ВЪ НѣКОТОРОМЪ ЦАРСТВѣ

 

Бумажная лента медленно течетъ съ аппарата возлѣ мерзлаго окна станціонной комнаты — и буква за буквой читаетъ Ивлевъ полныя чудеснаго смысла слова:

— Иванъ Сергѣевичъ женится на Святкахъ на племянницѣ лошади высланы…

Телеграфистъ, черезъ плечо котораго онъ читаетъ, странно кричитъ, что это служебная тайна, что это псковская повѣсть Пушкина, но Ивлевъ видитъ себя уже въ дорогѣ въ глухой Россіи, глубокой зимой.

Онъ видитъ, что вечерѣетъ, что къ вечеру морозитъ, говоритъ себѣ, что такой снѣжной зимы никто не запомнитъ со временъ Бориса Годунова. И Годуновъ даетъ этому зимнему русскому вечеру, снѣжнымъ полямъ и лѣсамъ что-то дикое и сумрачное, угрожающее.
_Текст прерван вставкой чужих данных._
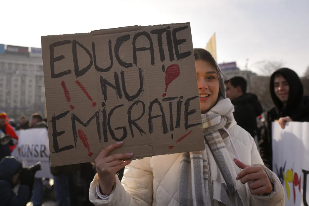 Membrii Federatiei Sindicatelor Libere din Invatamant, Federatiei Sindicatelor din Educaţie „Spiru Haret” si Federatiei Nationale Sindicale „Alma Mater”, protesteaza in Piata Victoriei impotriva masurilor fiscale adoptate de Guvern, miercuri 4 februarie 2025. ALEXANDRU DOBRE / MEDIAFAX FOTO
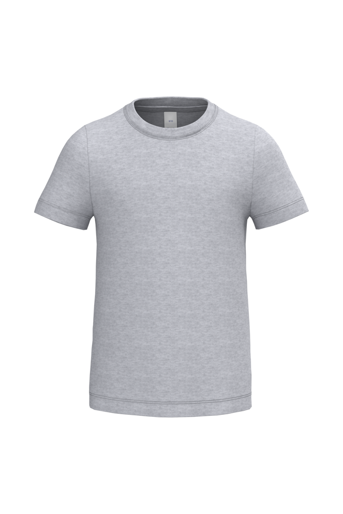 Effen kleuren: 100% katoen. Kleur Ideal Ash Heather: 99% katoen / 1% viscose. Kleur Ideal Oxford Grey: 90% katoen / 10% viscose. Rechte snit. Cut & sewn jersey van maat 1/2 t/m 6/8 en tubulair van maat 8/10 t/m 12/14. Ronde hals in 1x1 ribboordafwerking met dubbele stiksels. Nektape aan de binnenzijde in toon-op-toon kleur. Mouwboorden en zoom met dubbele stiksels afgewerkt. Afneembaar merklabel.

Но въ саняхъ, среди прочихъ московскихъ покупокъ къ свадьбѣ и къ празднику, лежатъ удивительныя шведскія лыжи, купленныя племянницей въ Москвѣ. И это радуетъ, обѣщаетъ что-то такое, отъ чего замираетъ сердце. И тройка идетъ увѣренно и шибко.
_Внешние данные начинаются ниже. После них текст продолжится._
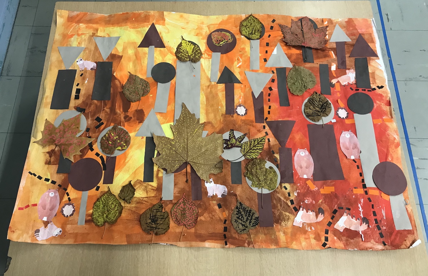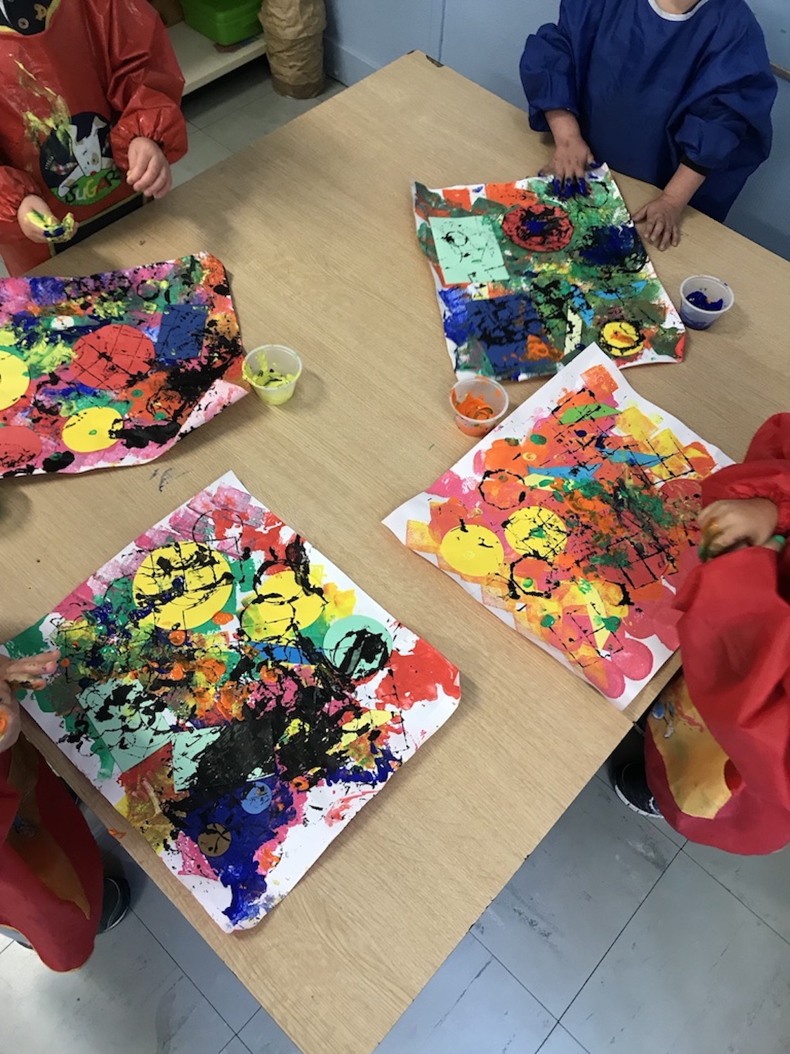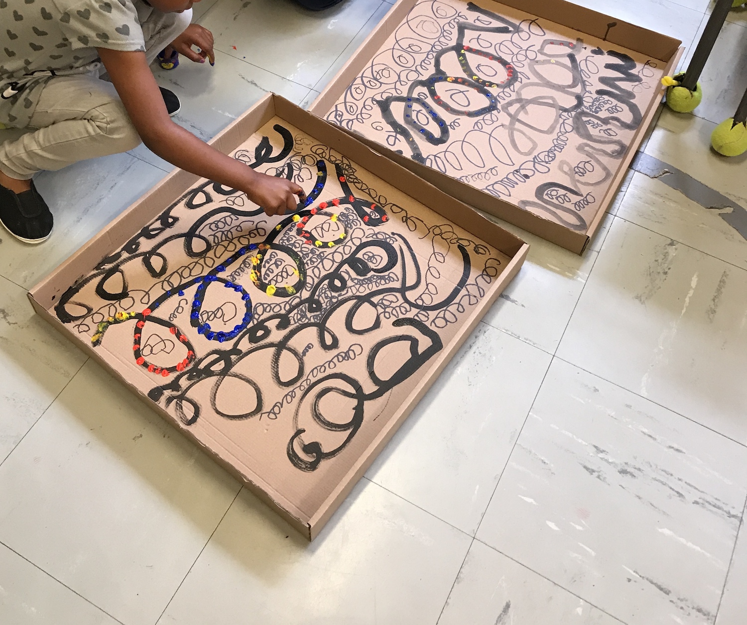 Les activités sont souvent faites sur grand format, ensuite exposées ou alors pour servir de fond à un dessin ou un collage.

Сани ковровые, богатые. Кучеръ, въ шапкѣ подъ боберъ, въ свитѣ, подпоясанной ремнемъ съ серебрянымъ наборомъ, стоитъ въ козлахъ. Въ задкѣ-же сидятъ двѣ неподвижныя и толстыя отъ шубъ и шалей

                                                                                                             /137/

фигуры: крѣпкая старуха и ея черноглазая, румяная племянница. Обѣ, какъ и все въ саняхъ, засыпаны снеѣжной пылью. Обѣ пристально смотрятъ впередъ, на спину кучера, на скачущіе крупы пристяжныхъ, на мелькающія въ комьяхъ снѣга подковы.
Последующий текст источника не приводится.